Credit:  Written by Alex Biese, Staff Writer, Asbury Park Press, www.app.com 24 August 2011 ~~

UNION BEACH – In the fight over a controversial energy-producing wind turbine project, one side has had its path to court cleared while the opposing forces in favor of building the turbine are declaring the battle essentially over and won.

Earlier this month, the appellate division of the state’s superior court denied a motion by the Bayshore Regional Sewerage Authority – the entity looking to construct the turbine – to dismiss an appeal by the borough, the latest step in a series of events that has included the local planning board sending the turbine project to the zoning board and the sewerage authority challenging that decision in a trial court that ruled that the matter had to go back before the Planning Board.

The Aug. 8 appellate division decision gives the borough the go-ahead to appeal the trial court’s decision, meaning this conflict may not be over any time soon.

“Usually appeals take about a year to decide,” said Stuart Lieberman, a Princeton-based attorney representing the borough. “It’s unclear. Maybe they’ll expedite this. The court only knows that, but it’s commonplace for appeals to take about a 12-month period.”

However, the proposed turbine, a 380-foot-high project with an estimated cost of $7.7 million, has been approved by the state Department of Environmental Protection, which issued a construction permit for the project under the state Coastal Area Facility Review Act last June.

And according to Louis Granata, the Matawan-based attorney for the BRSA, recent actions taken by the authority have made the borough’s argument irrelevant: the authority acquired a quarter-acre of property from Jersey Central Power and Light Co. adjacent to its current property in May through a declaration of taking, a condemnation process he said was similar to eminent domain.

“One hundred years from now (the property) is still going to look the way it looks right now,” BRSA executive director Robert Fischer said in June.

This week, Granata claimed that “the issues that Union Beach raised in the appeal are all moot.

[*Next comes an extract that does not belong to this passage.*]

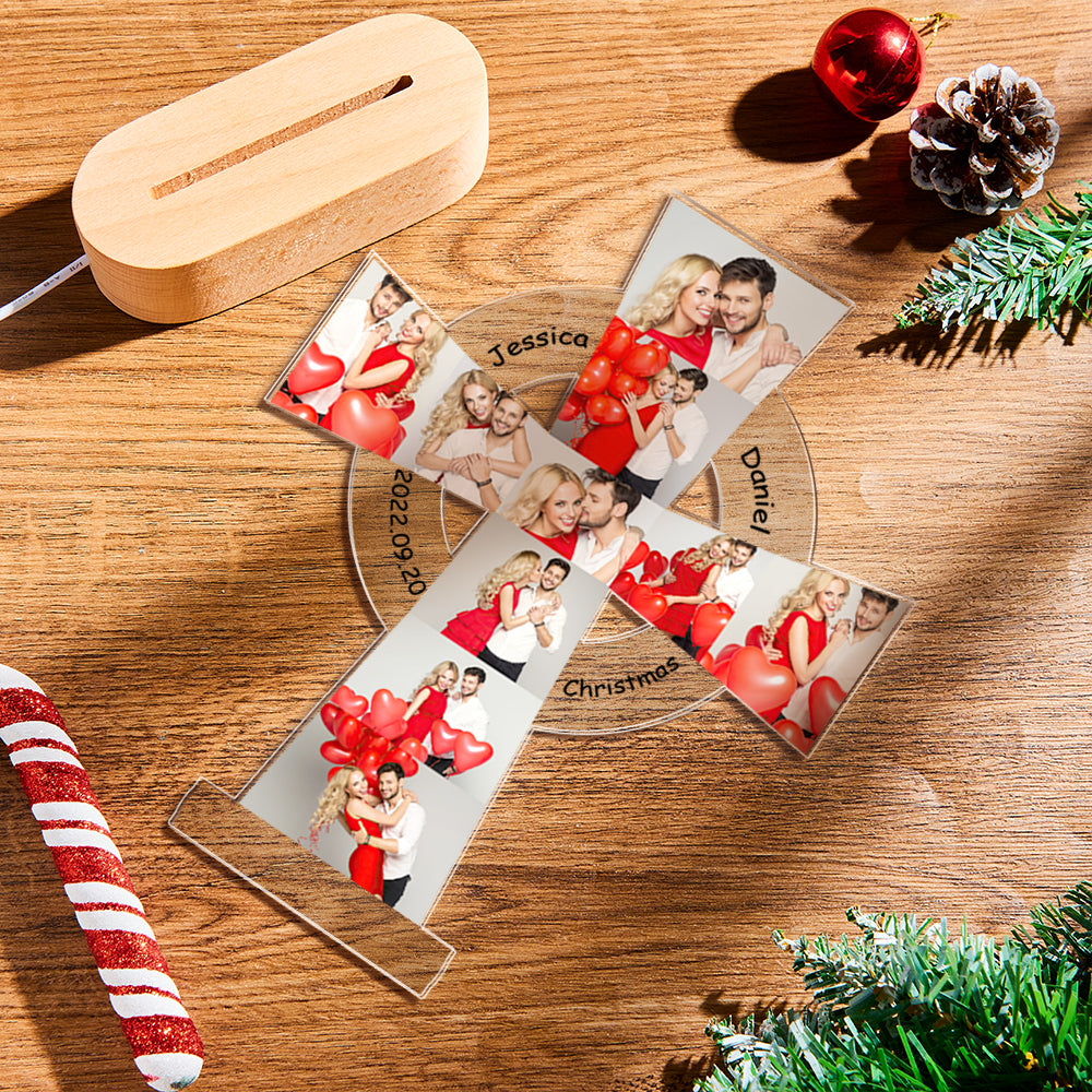 Custom Photo Engraved Cross Night Light Personalized Acrylic Lamp Gift for Lover

There’s nothing for us to argue about in the appellate division, because any issue that Union Beach has raised – and that is that the borough Planning Board has some jurisdiction to decide what use (the BRSA) will have for the property – has now become irrelevant because the Bayshore Regional Sewerage Authority condemned the property and took it under its powers of eminent domain.”

Granata said the property falls under the jurisdiction of the state DEP, not the local planning board. “When we were issued the permit to construct the wind turbine (by the DEP), the turbine extends maybe 30 feet over the property line and the DEP said, ‘Acquire that piece so that you can extend it over the property line,’ which we did by way of condemnation.”

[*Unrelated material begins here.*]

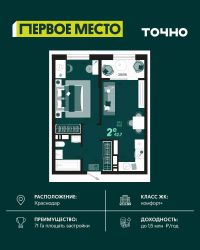 Продаётся 1-комнатная квартира в сданном доме (Дом 12), срок сдачи: II-кв. 2023, общей площадью 41.4 кв.м., на 13 этаже. Микрорайон ''Красная площадь'' - новый, перспективный, масштабный, самодостаточный проект города Краснодар. Здесь создается уникальный зеленый остров, в котором парки займут 30% всей площади. Каждый житель микрорайона найдет необходимое пространство для спокойного отдыха в окружении природы. Для Вас продуманные и комфортные планировки квартир, собственный парк с авторским ландшафтом и уникальная аллея современного искусства с фонтаном, разделение зон в каждой очереди домов для отдыха и спорта, объекты социального значения - и все необходимое для уютной жизни в ритме столицы в шаговой доступности. По сути МКР ''Красная площадь'' - это микрогород с хорошо развитой инфраструктурой, который отличает удачное расположение, ощущение красоты места и гармоничность окружающего пространства. Среди ключевых преимуществ: удобное расположение поблизости от крупнейшего делового и развлекательного кластера (рядом с ВКК ''Экспоград Юг'', через дорогу от МЦ ''Красная Площадь''). Микрорайон составляют лаконичные ансамбли домов, гармонично вписанные в окружающую инфраструктуру благодаря авторской архитектуре и выразительности силуэта всей застройки. В микрорайоне несколько детских дошкольных учреждений, а в каждом дворе спортивные и детские площадки. Вы можете отдыхать всей семьей и найти развлечение на любой вкус. Всего в нескольких минутах от микрорайона находятся различные учебные заведения, а развитая транспортная сеть обеспечит быструю и комфортную поездку. Микрорайон будет радовать пенсионеров своим уникальным архитектурным дизайном, парками и скверами, где можно комфортно проводить время и заводить новых друзей! Рядом с микрорайоном располагаются современные бизнес-центры и офисы - это то, что нужно для карьерного роста молодому специалисту. Современный и уютный микрорайон не оставит равнодушными ни одного приезжего. Приемлемые цены и качество новостроек - лучший вариант приобретения нового жилья. Масштаб - комплексная застройка территории на более, чем 33 Га. Основной идеей данного проекта стало создание среды, совмещающей в себе преимущества жизни в городе (развитая инфраструктура, транспортная доступность, наличие всех необходимых коммуникаций) с прелестями загородной жизни (низкая плотность застройки, обилие зеленых насаждений, благоприятная экологическая обстановка).

Ending the legal fight over the turbine is in the best interest of local residents, Granata argued.

“I wanted to end it to stop the expense of the taxpayers of Union Beach and to stop the expenses of the rate payers in the Bayshore Regional Sewerage Authority,” said Granata, “because they’re paying my attorney’s fees, they’re paying the engineer’s fees for the Bayshore Regional Sewerage Authority, the taxpayers are paying the attorney’s fees for the appeal and the ultimate outcome of the appeal is: what difference does it make? We’ve already acquired the property, and we’re using it for the turbine, just as the DEP said.”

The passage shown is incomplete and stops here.